3 Non-Fungible Token (NFT)

NFT is an abbreviation for ‘Non-Fungible Tokens’, which refers to digital assets reflective of physical and digital creative labour or Intellectual Property (IP). Some examples of NFT include gifs, music, games, digital art, video clips, and other media types. Because each token in an NFT system cannot be exchanged for another token, the term ‘nonfungible’ refers to the fact that each token is an independent entity that stands in for a particular thing. The NFTs are a component of blockchains in general and the Ethereum blockchain in particular. However, they are distinct from Ethereum cryptocurrencies, which are fungible, meaning that they may be traded for other assets of a similar kind. This is because NFT is an Ethereum smart contract-based coin. It was first suggested in Ethereum Improvement Proposals (EIP)-721 [13], and further work was carried out in EIP-1155 [14].
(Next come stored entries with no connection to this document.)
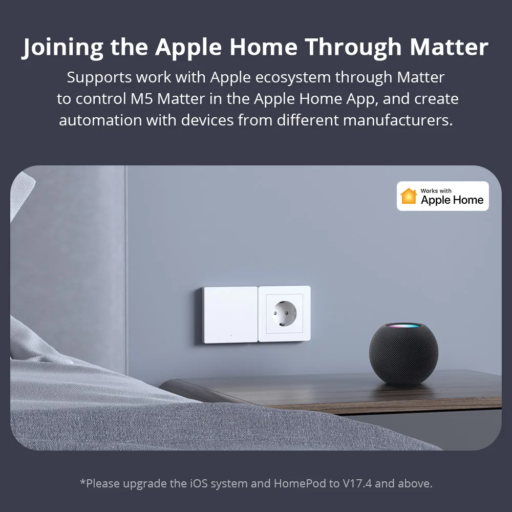 【Works with Apple Home】Supports work with the Apple ecosystem through Matter to control M5 Matter in the Apple Home App and create automation with devices from different manufacturers. *Please upgrade the iOS system and Hompod to V17.4 and above.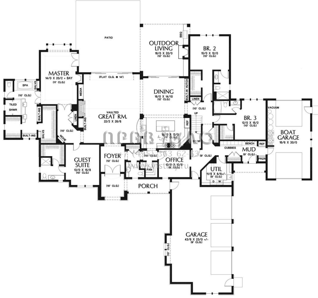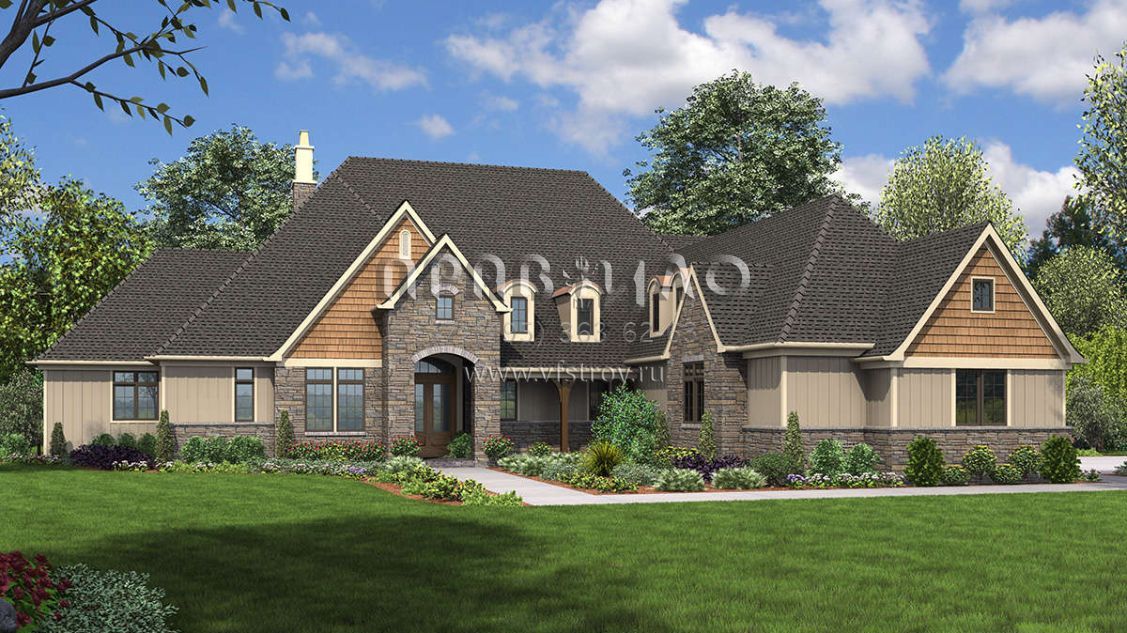 Проект двухэтажного дома с гаражом на три и более машин в американском стиле S5-454 (2559-00794)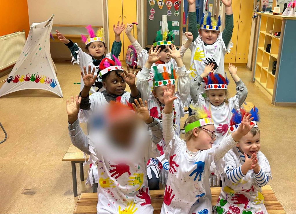 A l’occasion du carnaval, les enfants ont créé leur propre costume d’indien. Ils ont ainsi découvert leur mode de vie et leurs caractéristiques physiques.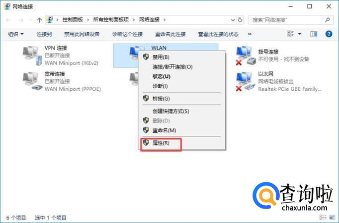 弹出的界面,我们右击无线网络,弹出的界面,我们点击属性;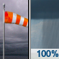 Temperature: 40°F Wind Speed: 10 to 18 mph Wind Direction: SW Forecast: Rain showers before 10pm, then showers and thunderstorms. Cloudy, with a low around 40. Southwest wind 10 to 18 mph, with gusts as high as 30 mph. Chance of precipitation is 100%. New rainfall amounts between a half and three quarters of an inch possible. |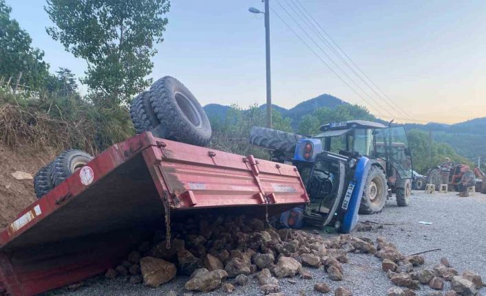 Acı olay, Bolu’nun Göynük ilçesinde Çatacık köyünde meydana geldi. Edinilen bilgiye göre, Çatacık köyünde römorkunda kum yüklü olan 81 FK 298 plakalı traktör, engebeli arazide aniden hareket etti.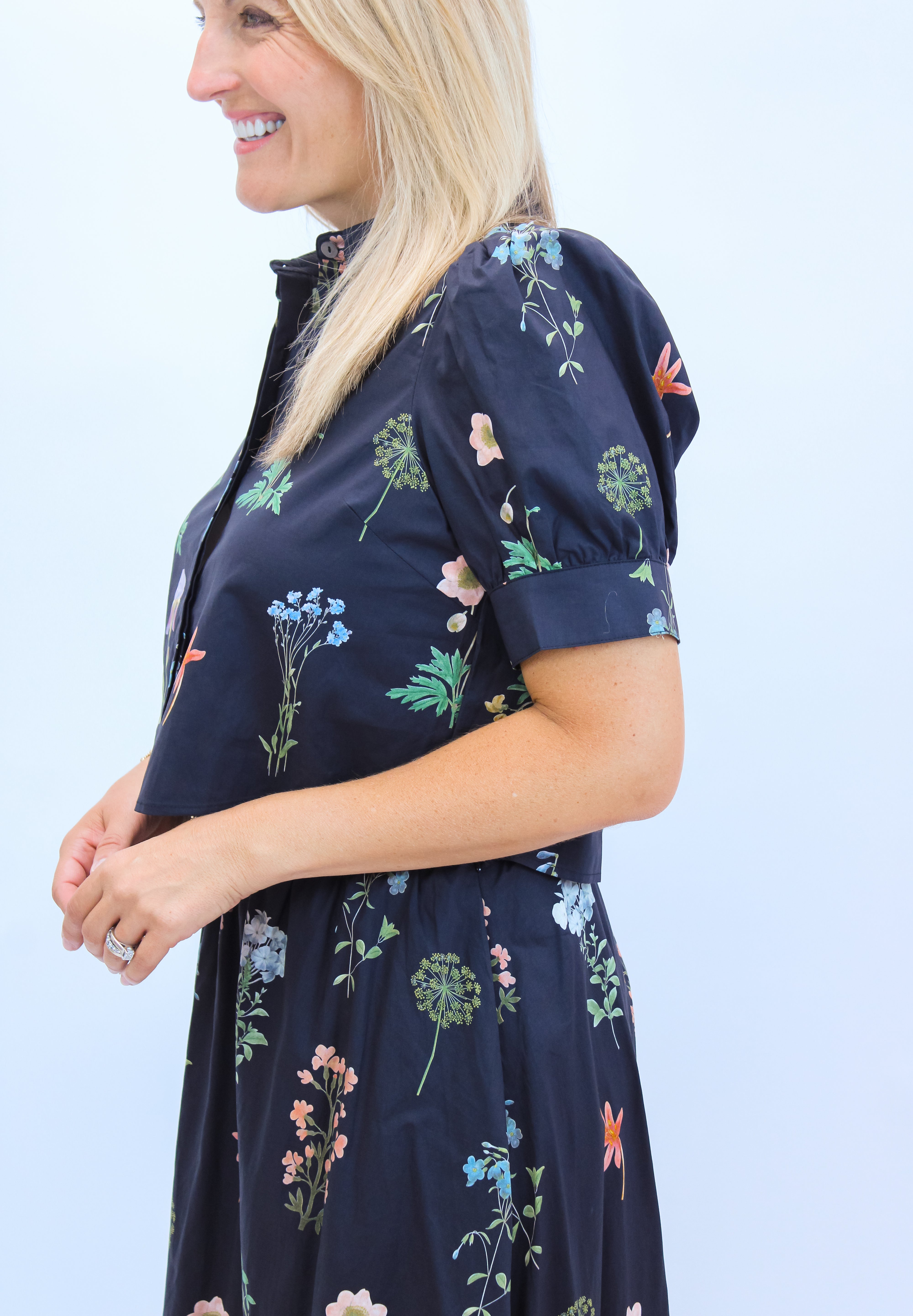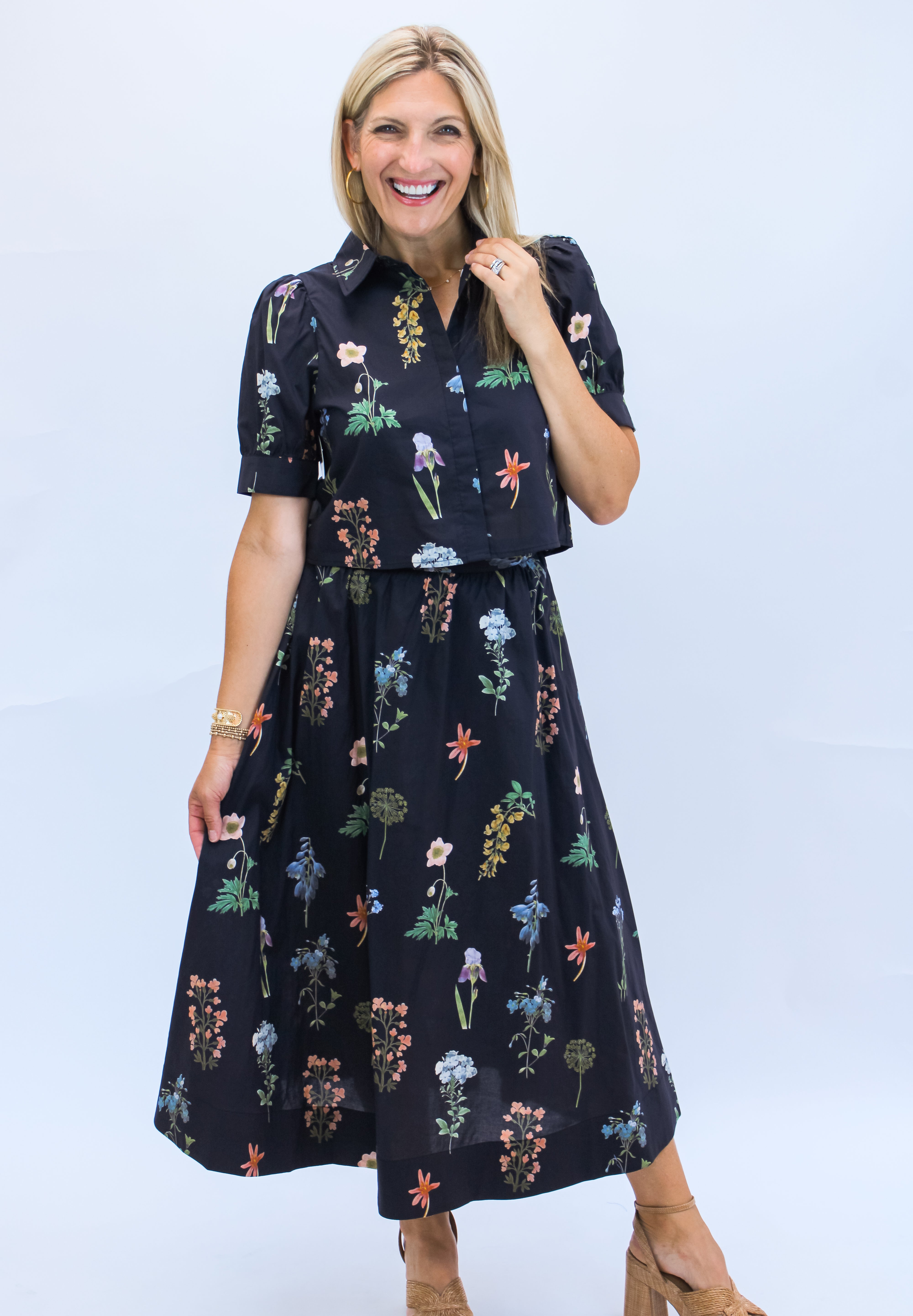 This playful black button-down top features vibrant colorful florals that brighten up any outfit. With charming puff sleeves and a classic collar, it adds a fun, flirty touch to your look. Perfect for mixing and matching, it’s a lively addition to your wardrobe that’s sure to turn heads.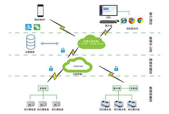 對(duì)于分布不同省、地市或同地市不同區(qū)域的連鎖商業(yè)、集團(tuán)、百貨、門店、物業(yè)、院校等業(yè)務(wù)分散,要求集中管理、線上支付,低額提醒、欠費(fèi)告警。但常規(guī)的本地插卡付費(fèi)、本地預(yù)付費(fèi)并不能完全滿足客戶管理需求,預(yù)付費(fèi)云平臺(tái)應(yīng)運(yùn)而生。AcrelCloud-3200水電預(yù)付費(fèi)云平臺(tái)無(wú)縫集成商業(yè)、物業(yè)公司、集團(tuán)企業(yè)、院校等分散布置的安科瑞DDSY/ADF系列電子式預(yù)付費(fèi)電能表、閥控智能水表等,提供微信、支付寶、銀聯(lián)等可選的在線支付方式,大大方便了用戶充值、圈存,提供預(yù)警和充值、退費(fèi)、電能消耗等記錄查詢,方便用戶和管理方的數(shù)據(jù)統(tǒng)計(jì)和財(cái)務(wù)分析,提供先交費(fèi)后使用的管控機(jī)制,大大降低了管理部門的收費(fèi)成本。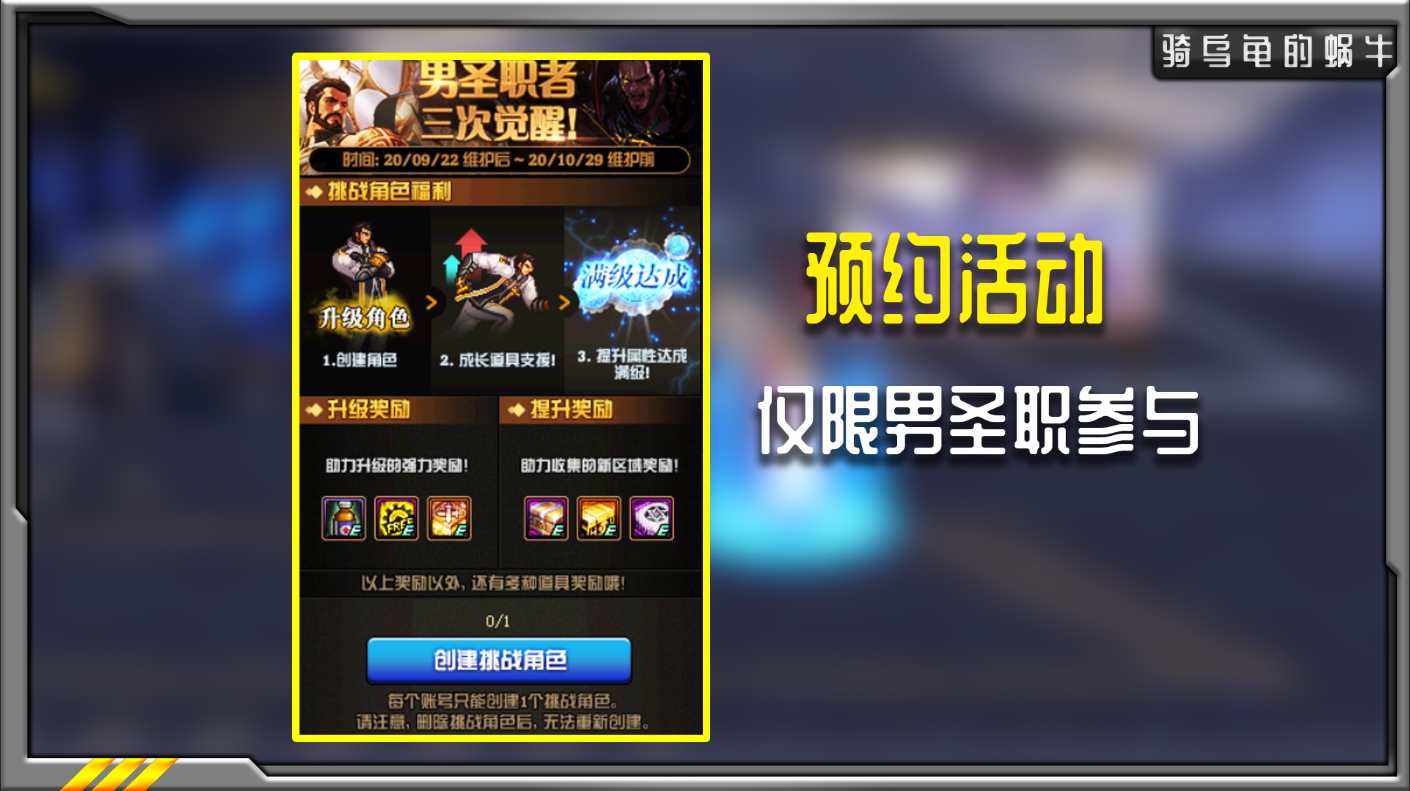 男圣职的三次觉醒活动,不过这一次只能是男圣职预约,并且可以选择满级的男圣职参与,满级的奖励有本职业的神秘护石和毕业换装武器,但是满级挑战奖励仅有神器装备和传说装备,并没有之前的预约活动奖励丰富,建议满级角色参与。

NFT is not the same as other cryptocurrencies similar to Bitcoin in terms of the features built into it. Bitcoin is a conventional coin, meaning that all of the coins are comparable and cannot be differentiated from one another. In comparison, NFT cannot be imitated and traded, making it an ideal choice for describing something or someone in a unique way. A developer may use NFTs on digital currencies to prove the presence of digital goods like movies, photos, artwork, theater tickets, and other tangible assets. These digital assets can take the shape of movies, images, art, etc. Applications in NFT can be recognised as indicated in Fig. 3. Additionally, the inventor can earn royalties whenever a successful deal occurs on any NFT marketplace or via peer-to-peer trading. Because of its full-history commodities, deep volatility, and simple compatibility, NFT can be an efficient mechanism for preserving IP. This is because NFT is a distributed ledger that many parties can use. In this section, we will investigate the possibilities presented by NFTs and talk about a few common areas that can profit from using NFTs [4].

Fig. 3.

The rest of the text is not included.